I stay where I am, keeping the portal open, even after Reven reappears at my side. He says nothing, and neither do I. When the last fighter from Wildernyss is through, I close it.

As fast as I am to do that, he’s even faster to shadow us back up onto the tower where we watch the four armies clash, brutality in the sounds of battle, the yells of the injured, and the neighs of the horses. In the distance, I catch sight of a flat, circular silver blade the size of a small tree cleaving through Tyndran soldiers. I follow it back to Trysolde, who seems to be using his own metal armor to create the weapon. Farther out, a blast of ice tells me exactly where Vos is. I don’t see Tziah, but I’m sure she’s with him.

I smile grimly. “Take that, Eidolon.”

“Unless you have any more surprises, that’s everything we can throw at him. Right?” Reven asks.

“That’s all of it.” The darkness is growing, shading the battle in ways that feels heavy. Ominous. “We just need to keep him busy long enough to release the goddesses. You ready?”
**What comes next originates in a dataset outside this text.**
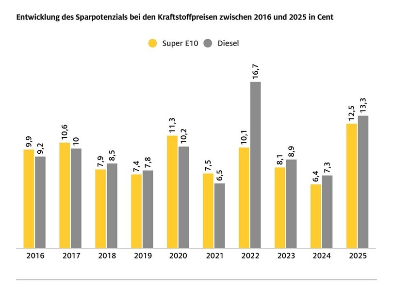Wer den richtigen Zeitpunkt abwartet, der kann beim Tanken derzeit im Tagesverlauf weit über zehn Cent pro Liter sparen. Das jedenfalls hat der ADAC herausgefunden. Bei Super E10 lag die Preisdifferenz im Mai zwischen dem Höchst- und dem Tiefststand eines durchschnittlichen Tages bei 12,5 Cent. Im Vorjahr betrug der Preisunterschied lediglich 6,4 Cent, die bisherige Rekorddifferenz hatte der ADAC im Jahr 2020 mit rund elf Cent registriert. Dieselfahrer können allein durch die Wahl des richtigen Tankzeitpunkts bis zu 13,3 Cent je Liter sparen nach 7,3 Cent im Vorjahr und mehr als 16 Cent im Jahr 2022. Damals waren die Kraftstoffpreise nach dem russischen Angriff auf die Ukraine regelrecht explodiert.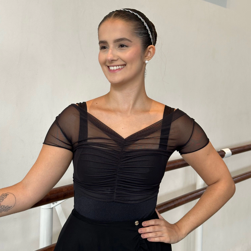 Sobreposição de Tule Franzida - Preto - é a peça que vai dar um up nos seus looks de ballet! Ideal para usar em cima dos collants, ela traz aquele toque de charme e sofisticação que amamos. O detalhe franzido deixa tudo mais estiloso e confortável, perfeito para se movimentar durante as aulas. Com essa sobreposição, você pode criar várias combinações e arrasar no palco ou na sala de dança! Características: - Tule leve e macio - Design versátil que se adapta a diferentes estilos OBS: As peças são produzidas artesanalmente. Pequenas mudanças podem ocorrer ocasionalmente.

Strong arms wrap around me, and I lean into his hold. His very…firm hold? I stiffen and he tightens his grip, pinning my arms to my sides so forcefully that I gasp at the sudden pressure on my still bruised ribs. What—

A dark, grating laugh sends a cascade of fear shivering all over me. The same laugh I’ve heard once before, in circumstances so like this that I want to weep.

Because that’s Reven’s voice in my ear, but not.

“Who are you?” I whisper. It can’t be Eidolon controlling him. Reven has none of the king left inside him anymore. This is more like when Tabra was infected. “One of Eidolon’s ghosts escaped from the burning lands?”

“Smart girl.”

Eidolon’s ghost nuzzles the side of my neck, even as he holds a knife to my side. “Did you miss me, love?”

“Got you,” a Shadow inside me taunts.

Mother fucking mistakes.

We were so focused on the danger I posed, we forgot about Reven.